Zgodnie z przewidywaniami, zaczyna narastać pogląd (w greckim społeczeństwie), że Cipras zdradził – całkowicie lub częściowo – swoje wyborcze obietnice. Owszem, podawane są też wyniki sondażowe, według których nawet 70 proc. społeczeństwa jest za podpisaniem porozumienia, ale przed pamiętnym referendum też mówiono o przewadze postaw pro-unijnych, gdy tymczasem wiemy, jak było naprawdę – 60 proc. z 60 proc. (frekwencja) zagłosowało przeciwko żądaniom Zachodu. Tymczasem porozumienie wynegocjowane przez Ciprasa to pójście nawet na większe ustępstwa niż zakładały pierwotne projekty (por. choćby kwestia 50-miliardowego funduszu prywatyzacyjnego).

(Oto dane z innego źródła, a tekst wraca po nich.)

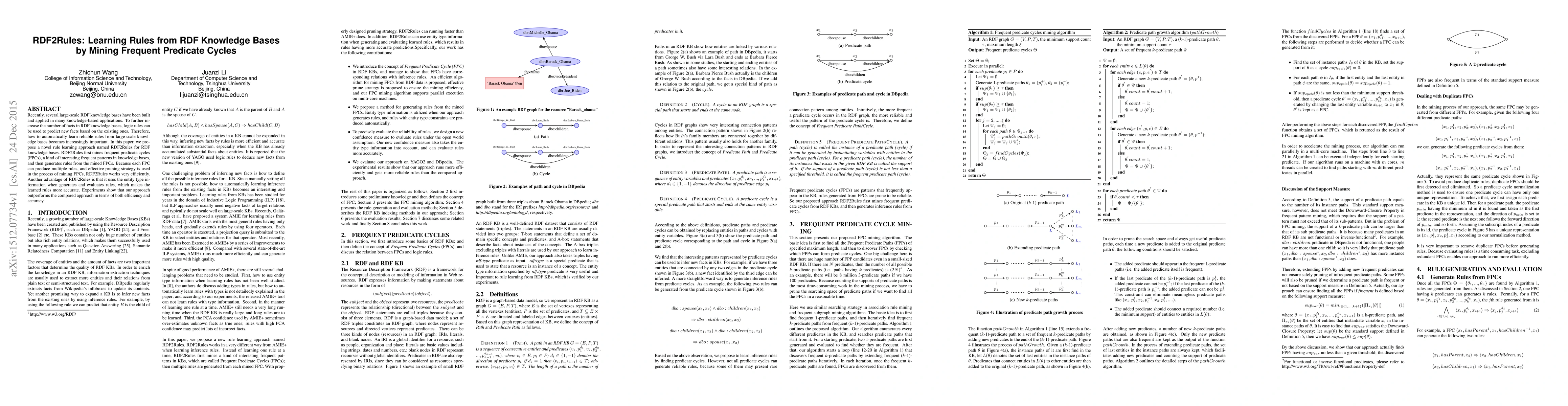 RDF2Rules proposes an efficient method to learn reliable logic rules from large-scale RDF knowledge bases by mining frequent predicate cycles and using entity type information to enhance rule accuracy, outperforming existing approaches in both efficiency and accuracy.

Oczywiście mają z tego być większe pieniądze, rzędu ponad 80 mld EUR, ale już teraz mówi się, że tak naprawdę Grecja potrzebować będzie jeszcze więcej. Poza tym reformy wdrażane są naprawdę, a pieniądze – tylko obiecane i ich wypłata będzie uzależniona od realizacji żądań kredytodawców.
Nie jest więc pewne, czy stosunek głosów we wczorajszym głosowaniu (229 za, 64 przeciw, 6 wstrzymujących się) odzwierciedla nastroje społeczne. W każdym razie doszło do konfliktu w partii rządzącej, Syrizie. Co więcej, ci, którzy głosowali za porozumieniem, też zapewne w jakiejś mierze robili to na zasadzie partyjnej solidarności.
Euro przegrywa zatem walkę o wyższe kursy, bo nastroje nie są zbyt dobre. Porozumienie greckie przepychane jest z oporami i nie do końca wiadomo, jak przebiegać będzie jego wdrażanie, choć jednocześnie szanse na to, że formalności zostaną dopełnione – są na tyle duże, że kolejne kroki (takie jak wczorajsze głosowanie) nie powodują już euforii. Mało tego, po dość jastrzębim przemówieniu Janet Yellen w Kongresie (oraz dobrych danych z USA o produkcji przemysłowej i dobrym indeksie NY Empire State) para EUR/USD pozycjonuje się nisko, przy 1,0915. Nad ranem była nieco wyżej, przy 1,0960. Teraz bardziej prawdopodobna jest w takim razie wędrówka na południe. To znaczy – niewykluczone, że jeśli teraz obecne poziomy pękną, to gracze spróbują przetestować okolice 1,0865 czy 1,0820, jak w końcówce maja. Ostatecznie od 18 czerwca można mierzyć trend spadkowy, a wybicie ku 1,12 – zaraz po podpisaniu kompromisu greckiego – okazało się chyba zupełnie przedwczesne. Wzrosty – korekcyjne – mogą być teraz hamowane już przy 1,0990 – 1,10, także z uwagi na trend.
O 14:30 istotne będzie przemówienie Mario Draghiego z EBC, wtedy też poznamy amerykański odczyt tygodniowej liczby nowych wniosków o zasiłek, a o 16:00 napłynie indeks Fed z Filadelfii.
A ,cCo w Polsce?
EUR/PLN jest na 4,1275, a więc nisko, zasadniczo sprawdza się nasz pogląd, że złoty ma jeszcze szansę zyskać na tej parze. Poniekąd zyskuje na słabym euro, ale też i na ogólnym, "technicznym" nastawieniu – trwa rodzaj silnego trendu, na którym para może dotrzeć nawet i do 4,1140 czy 4,1070. Gorzej jest z USD/PLN, gdzie wracamy w obszary rzędu 3,77 – 3,78 i na razie można sobie odpuścić myślenie o przebiciu trendu wzrostowego, co musiałoby oznaczać zejście dobrych 5 – 6 groszy niżej. O 14:00 poznamy dane o polskim przeciętnym zatrudnieniu i wynagrodzeniu.